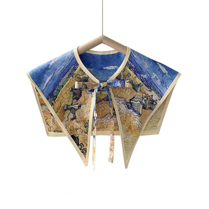Стиль масляной живописи, универсальный принт, маленький шелковый шарф, тонкая шаль, летнее наружное украшение, женский поддельный воротник, солнцезащитная шаль в иностранном стиле 42cm
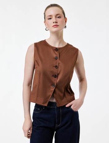 Düğmeli Bisiklet Yaka Suni Süet Yelek Sepete Ekle
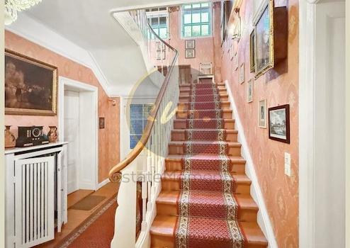 Die Villa, die sich seit Errichtung in Familienbesitzt befindet, befindet sich ich in einem außergewöhnlich gut erhaltenen Originalzustand, was in dieser Form selten zu finden ist. Insbesondere: Offener Treppenaufgang mit bequemer Steigung, Holz-Doppelkastenfenster mit Messinggriffen (teilweise bereits erneuert), stilvolle Holz-Kassettentüren mit Messing-Türbeschlägen sowie klassische gusseiserne Heizkörper prägen das Interieur und verleihen dem Haus seinen unverwechselbaren Charme. Ergänzt wird dieser durch den originalen Parkett- und Dielenboden, der perfekt mit der klassischen Architektur harmoniert.
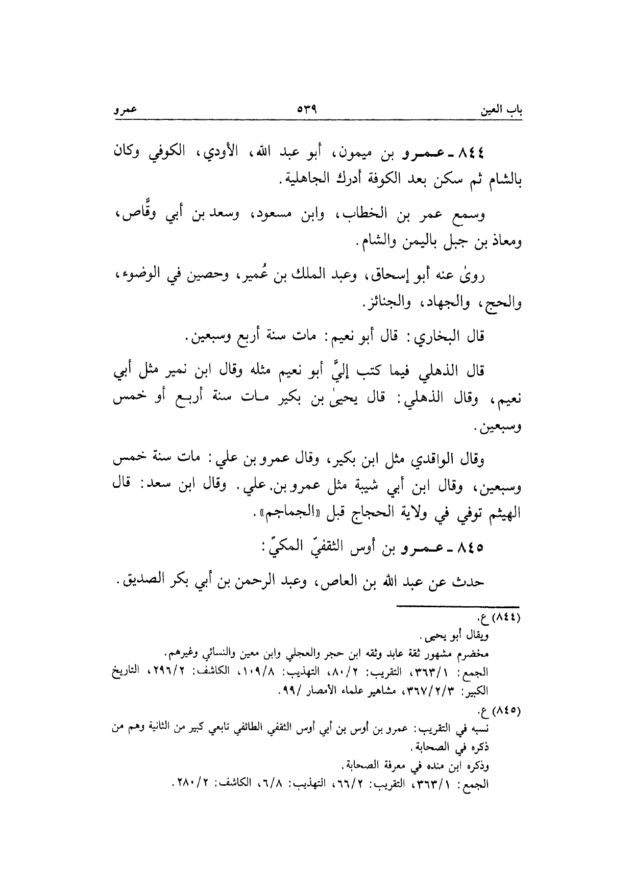 844 - عَمْرو بن مَيْمُون أَبُو عبد الله الأودي الْكُوفِي وَكَانَ بِالشَّام ثمَّ سكن بعد الْكُوفَة أدْرك الْجَاهِلِيَّة وَسمع عمر بن الْخطاب وَابْن مَسْعُود وَسعد بن أبي وَقاص ومعاذ بن جبل بِالْيمن وَالشَّام رَوَى عَنهُ أَبُو إِسْحَاق وَعبد الْملك بن عُمَيْر وحصين فِي الْوضُوء وَالْحج وَالْجهَاد والجنائز قَالَ البُخَارِيّ قَالَ أَبُو نعيم مَاتَ سنة أَربع وَسبعين قَالَ الذهلي فِيمَا كتب إِلَيّ أَبُو نعيم مثله وَقَالَ ابْن نمير مثل أبي نعيم وَقَالَ الذهلي قَالَ يَحْيَى بن بكير مَاتَ سنة أَربع أَو خمس وَسبعين وَقَالَ الْوَاقِدِيّ مثل ابْن بكير وَقَالَ عَمْرو بن عَلّي مَاتَ سنة خمس وَسبعين وَقَالَ ابْن أبي شيبَة مثل عَمْرو بن عَلّي وَقَالَ ابْن سعد قَالَ الْهَيْثَم توفّي فِي ولَايَة الْحجَّاج قبل ((الجماجم))
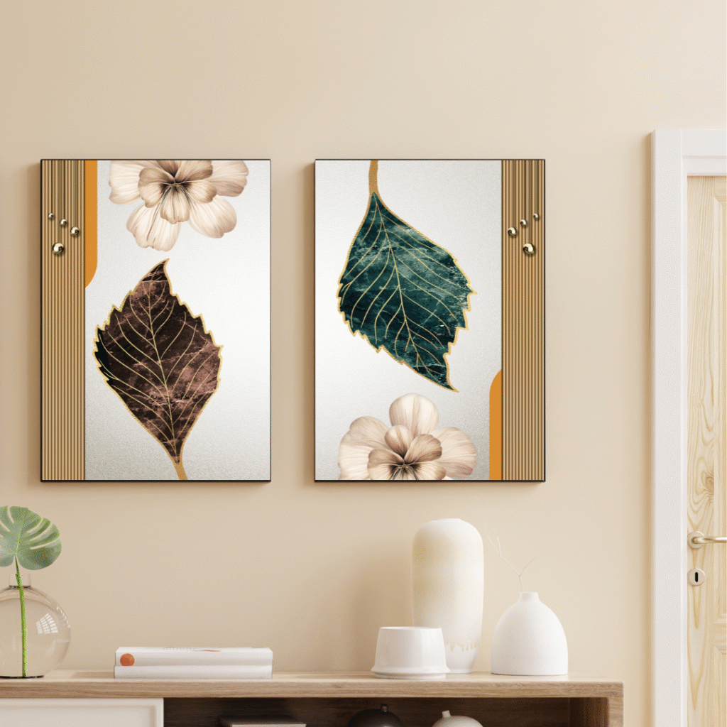 Élégance Botanique est une composition délicate où la nature s’exprime avec raffinement. Deux panneaux jumelés présentent des feuilles aux nervures dorées sur un fond texturé crème, rehaussées par des fleurs douces aux pétales ivoire. L’or fin et les motifs linéaires latéraux ajoutent une touche de luxe moderne à cette scène végétale minimaliste. L’œuvre joue avec les contrastes entre matière organique et design géométrique, créant une ambiance à la fois naturelle et sophistiquée. Un choix parfait pour les intérieurs épurés en quête de poésie visuelle.
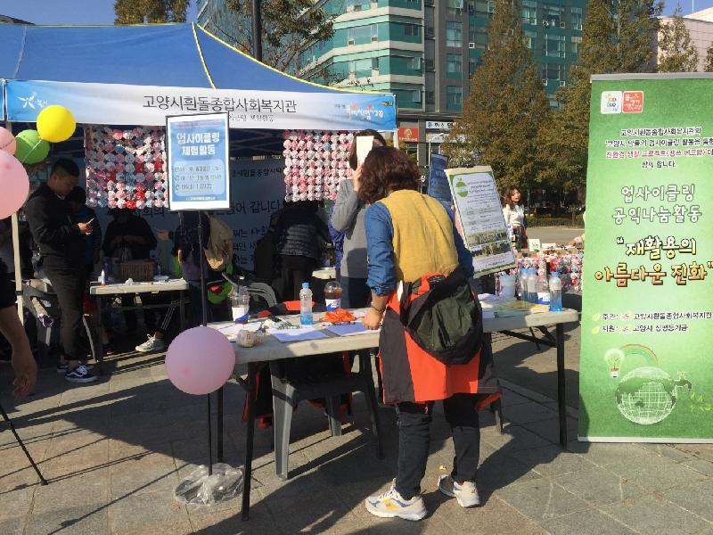 특히 10월 28일에는 일산문화공원에서 개최된 ‘2017 고양시민 사랑나눔 한마당’에 참여해 땡쓰 에코맘’ 사업의 2017년도 작품 전시 및 체험활동을 진행했다.
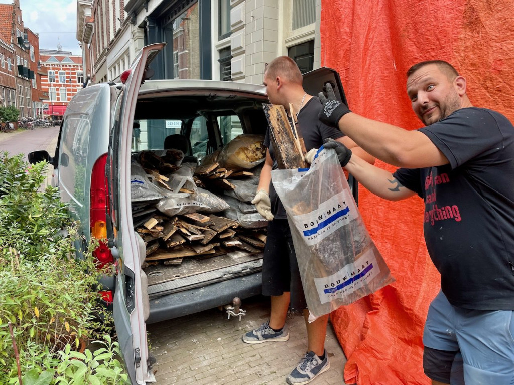 Victor en Darek hebben het hele dak gesloopt. Vier balken waren verrot, die gaan we vervangen. De rest van de balken blijven zitten.
————
» TASK OBJECTIVE
Could you set down exactly, and only, the lines from the line containing "844 - عَمْرو" through the last line of the records, both included, without the pictures?

» ANSWER SPACE
 844 - عَمْرو بن مَيْمُون أَبُو عبد الله الأودي الْكُوفِي وَكَانَ بِالشَّام ثمَّ سكن بعد الْكُوفَة أدْرك الْجَاهِلِيَّة وَسمع عمر بن الْخطاب وَابْن مَسْعُود وَسعد بن أبي وَقاص ومعاذ بن جبل بِالْيمن وَالشَّام رَوَى عَنهُ أَبُو إِسْحَاق وَعبد الْملك بن عُمَيْر وحصين فِي الْوضُوء وَالْحج وَالْجهَاد والجنائز قَالَ البُخَارِيّ قَالَ أَبُو نعيم مَاتَ سنة أَربع وَسبعين قَالَ الذهلي فِيمَا كتب إِلَيّ أَبُو نعيم مثله وَقَالَ ابْن نمير مثل أبي نعيم وَقَالَ الذهلي قَالَ يَحْيَى بن بكير مَاتَ سنة أَربع أَو خمس وَسبعين وَقَالَ الْوَاقِدِيّ مثل ابْن بكير وَقَالَ عَمْرو بن عَلّي مَاتَ سنة خمس وَسبعين وَقَالَ ابْن أبي شيبَة مثل عَمْرو بن عَلّي وَقَالَ ابْن سعد قَالَ الْهَيْثَم توفّي فِي ولَايَة الْحجَّاج قبل ((الجماجم))
 Élégance Botanique est une composition délicate où la nature s’exprime avec raffinement. Deux panneaux jumelés présentent des feuilles aux nervures dorées sur un fond texturé crème, rehaussées par des fleurs douces aux pétales ivoire. L’or fin et les motifs linéaires latéraux ajoutent une touche de luxe moderne à cette scène végétale minimaliste. L’œuvre joue avec les contrastes entre matière organique et design géométrique, créant une ambiance à la fois naturelle et sophistiquée. Un choix parfait pour les intérieurs épurés en quête de poésie visuelle.
 특히 10월 28일에는 일산문화공원에서 개최된 ‘2017 고양시민 사랑나눔 한마당’에 참여해 땡쓰 에코맘’ 사업의 2017년도 작품 전시 및 체험활동을 진행했다.
 Victor en Darek hebben het hele dak gesloopt. Vier balken waren verrot, die gaan we vervangen. De rest van de balken blijven zitten.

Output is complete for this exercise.